Reproduce, exactly and in full, only the lines below from the one containing "Bij de Plus" through the one containing "Acht Blue Cotton".

• **Supplied data**
.....
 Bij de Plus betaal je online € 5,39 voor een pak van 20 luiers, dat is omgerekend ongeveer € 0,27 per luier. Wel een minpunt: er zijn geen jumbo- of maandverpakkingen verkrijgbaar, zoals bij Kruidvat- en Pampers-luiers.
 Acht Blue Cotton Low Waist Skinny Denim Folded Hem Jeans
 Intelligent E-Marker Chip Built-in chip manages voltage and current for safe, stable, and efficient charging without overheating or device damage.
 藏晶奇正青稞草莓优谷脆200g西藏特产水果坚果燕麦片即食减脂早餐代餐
.....
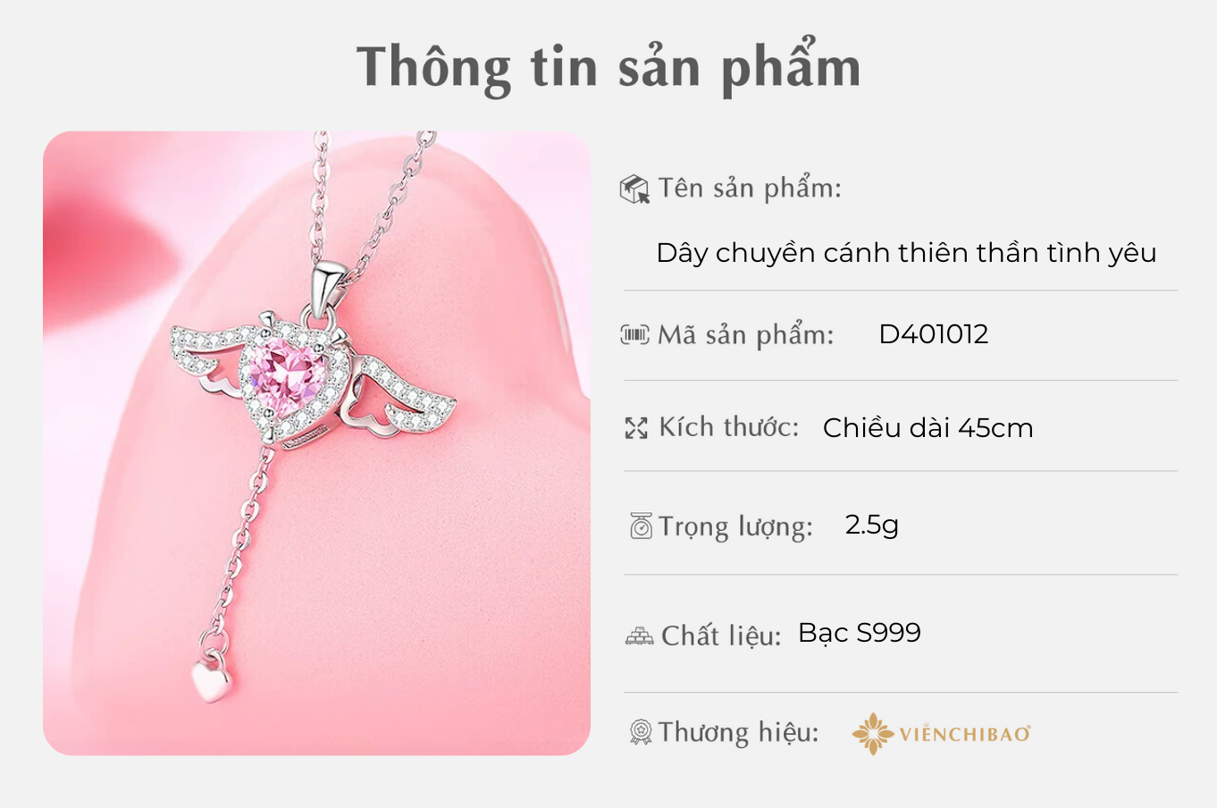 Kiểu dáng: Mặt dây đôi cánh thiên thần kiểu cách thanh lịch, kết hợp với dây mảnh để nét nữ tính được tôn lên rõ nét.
.....
• **Answer to the exercise**
 Bij de Plus betaal je online € 5,39 voor een pak van 20 luiers, dat is omgerekend ongeveer € 0,27 per luier. Wel een minpunt: er zijn geen jumbo- of maandverpakkingen verkrijgbaar, zoals bij Kruidvat- en Pampers-luiers.
 Acht Blue Cotton Low Waist Skinny Denim Folded Hem Jeans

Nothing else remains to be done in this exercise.